Era novembro de 2014. Primeiro fim de semana. Plena campanha da Dilma. Fim de tarde na RPPN dele, a Linda Serra dos Topázios. Jaime e eu começamos a conversar sobre a falta que fazia termos acesso a um veículo independente e democrático de informação.

Resolvemos fundar o nosso. Um espaço não comercial, de resistência. Mais um trabalho de militância, voluntário, por suposto. Jaime propôs um jornal; eu, uma revista. O nome eu escolhi (ele queria Bacurau). Dividimos as tarefas. A capa ficou com ele, a linha editorial também.

Correr atrás da grana ficou por minha conta. A paleta de cores, depois de larga prosa, Jaime fechou questão – “nossas cores vão ser o vermelho e o amarelo, porque revista tem que ter cor de luta, cor vibrante” (eu queria verde-floresta). Na paz, acabei enfiando um branco.

Fizemos a primeira edição da Xapuri lá mesmo, na Reserva, em uma noite. Optamos por centrar na pauta socioambiental. Nossa primeira capa foi sobre os povos indígenas isolados do Acre: ‘Isolados, Bravos, Livres: Um Brasil Indígena por Conhecer”. Depois de tudo pronto, Jaime inventou de fazer uma outra boneca, “porque toda revista tem que ter número zero”.

Dessa vez finquei pé, ficamos com a capa indígena. Voltei pra Brasília com a boneca praticamente pronta e com a missão de dar um jeito de imprimir. Nos dias seguintes, o Jaime veio pra Formosa, pra convencer minha irmã Lúcia a revisar a revista, “de grátis”. Com a primeira revista impressa, a próxima tarefa foi montar o Conselho Editorial.
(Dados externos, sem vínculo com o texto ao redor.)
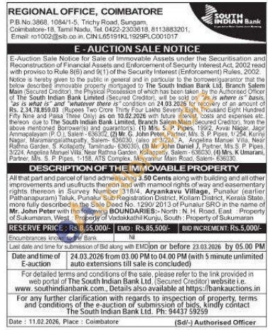All that part and parcel of land admeasuring 3.50 Cents along with building and all other improvements and usufructs thereon and with mamool rights of way and easementary rights thereon in Survey Number 318/4, Aryankavu Village, Punalur (earlier Pathanapuram) Taluk, Punalur Sub Registration District, Kollam Distinct, Kerala State, more fully described in the Sale Deed No. 1290/2013 of Punalur SRO in the name of Mr. John Peter with the following BOUNDARIES: North N. H. Roed. East Property of Sukumaran, West Property of Vadakkathil Kunju, South Property of Sukumaran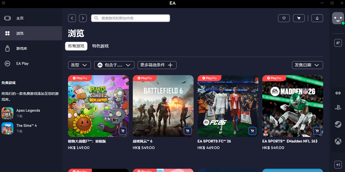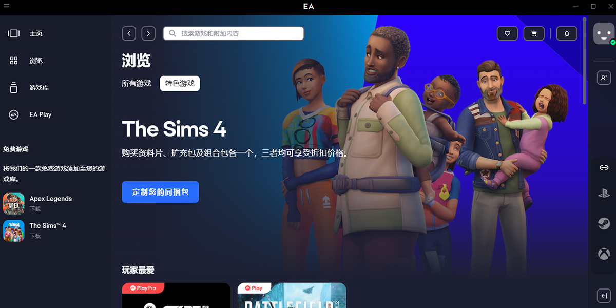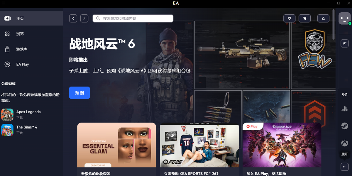 ea app(原origin游戏平台)是一款由ea全新推出的游戏社交平台软件,玩家可以在这里体验ea旗下所有游戏内容,并且同步了origin账号数据,让你不用重新注册也能畅玩。ea app是electronic arts的全新强化pc平台,您可以在此轻松游玩您喜爱的游戏。ea app流畅且最佳化的使用者介面,让您能够比以往更快进入游戏。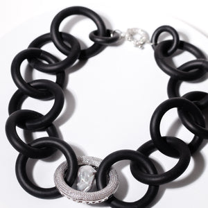 Black Rubber Tubing; Cubic Zirconia; freshwater Baroque Pearl.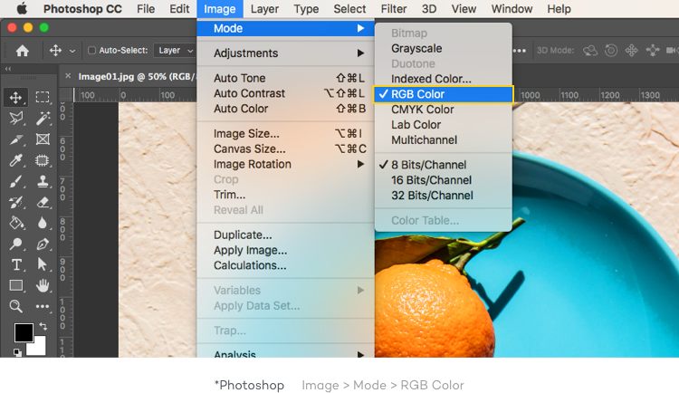 1. 파일을 열고, [이미지(Image)] > [모드(Mode)] > [RGB 색상(RGB Color)]로 설정되어 있는지 확인해 주세요.
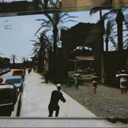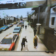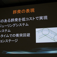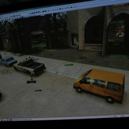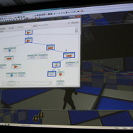 会場ではUDK(Unreal Engine)を使ってデモが行われました。フローは環境に○や□で定義付けられていて、キャラクターはそれに沿って動くようになります。道路や空間に対してフローを設定しキャラクターの動く場所を定義し、特定の場所でキャラクターに特定の動作をされるためのアクションステージを設定することもできます。デモでは、ATMの前にアクションステージを設定し、そこを通ったキャラクターがお金を下ろす動作を行う様子が確認できました。これらは個々のキャラクターにAIを当てるのではなく、環境に動きを定義することから軽い動作で実現できます。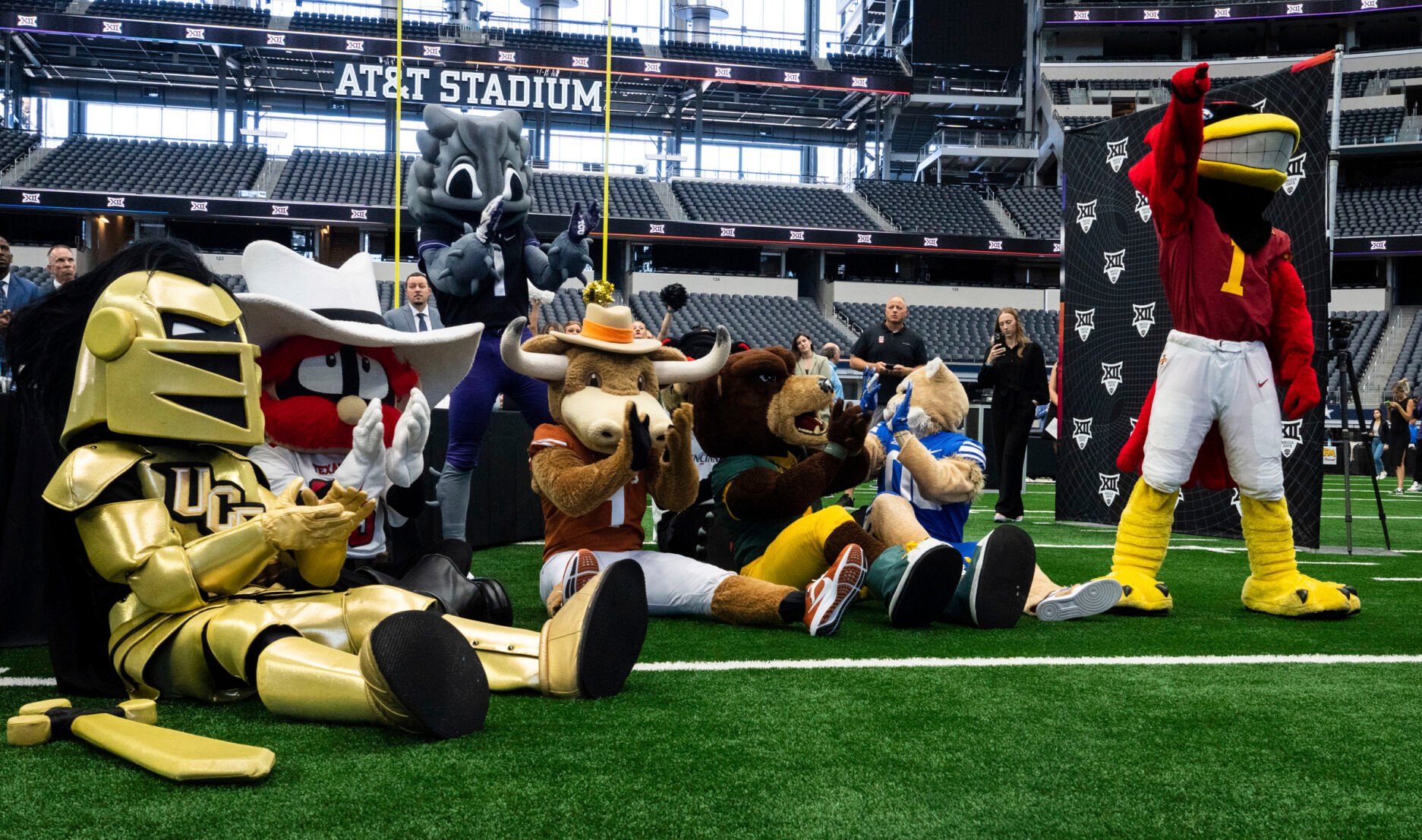 Mascots listen to Big 12 Commissioner Brett Yormack speak at the opening of the Big 12 media days in Arlington, Texas on Wednesday.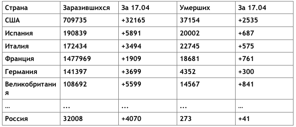 Если сравнивать мировые культурные и экономические центры, то в Москве количество зараженных 18,1 тысячи (умерших 127 человек, меньше 1%), в Лондоне — 18,9 тысячи (умерших 3,3 тысячи человек — 17,5%), в Мадриде — более 51 тысячи (7 тысяч смертей — 13,7%), в Нью-Йорке 123 тысячи случаев заражения (11 тысяч умерших — 8,9%).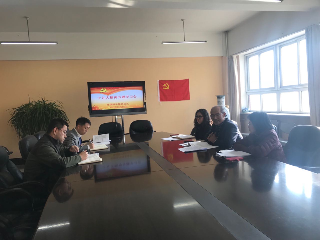 2017年11月3日下午13:00,外国语党总支委员在公司会议室召开学习会,集中学习党的十九大精神。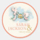 Utilize this beautiful wedding sticker on invites, thank you cards, favours, and more! Beautiful wedding doves with coral-coloured accents where text is easily updated prior to placing into your shopping cart.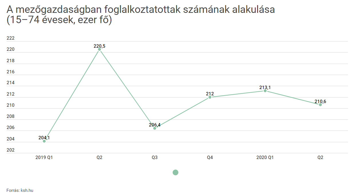 Az április-júniusi időszakban átlagosan 210,6 ezren dolgoztak a mezőgazdaságban Magyarországon, ez 2,5 ezerrel kevesebb, mint a január-márciusi időszak adata – derült ki a Központi Statisztikai Hivatal (KSH) "Foglalkoztatottság" című gyorstájékoztatójából. A mérséklődés ellenére stabilabbnak bizonyultak a koronavírus fellángolásának negyedévében a mezőgazdasági munkahelyek az iparban és szolgáltatási szektorban találhatókhoz képest.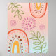Transform your space with this stunning abstract boho poster wall print, designed to bring warmth and charm to any room. This captivating artwork features colourful floral designs, including vibrant pink flowers and lush green leaves, intertwined with flowing lines and a whimsical boho rainbow. The soft pink and blue background provides a dreamy, serene backdrop, enhancing the vibrancy of the floral and geometric elements.

Jaime fez questão de visitar, explicar o projeto e convidar pessoalmente cada conselheiro e cada conselheira (até a doença agravar, nos seus últimos meses de vida, nunca abriu mão dessa tarefa). Daqui rumamos pra Goiânia, para convidar o arqueólogo Altair Sales Barbosa, nosso primeiro conselheiro. “O mais sabido de nóis,” segundo o Jaime.

Trilhamos uma linda jornada. Em 80 meses, Jaime fez questão de decidir, mensalmente, o tema da capa e, quase sempre, escrever ele mesmo. Às vezes, ligava pra falar da ótima ideia que teve, às vezes sumia e, no dia certo, lá vinha o texto pronto, impecável.

Na sexta-feira, 9 de julho, quando preparávamos a Xapuri 81, pela primeira vez em sete anos, ele me pediu para cuidar de tudo. Foi uma conversa triste, ele estava agoniado com os rumos da doença e com a tragédia que o Brasil enfrentava. Não falamos em morte, mas eu sabia que era o fim.

Hoje, cá estamos nós, sem as capas do Jaime, sem as pautas do Jaime, sem o linguajar do Jaime, sem o jaimês da Xapuri, mas na labuta, firmes na resistência. Mês sim, mês sim de novo, como você sonhava, Jaiminho, carcamos porva e, enfim, chegamos à nossa edição número 100. E, depois da Xapuri 100, como era desejo seu, a gente segue esperneando.

Fica tranquilo, camarada, que por aqui tá tudo direitim.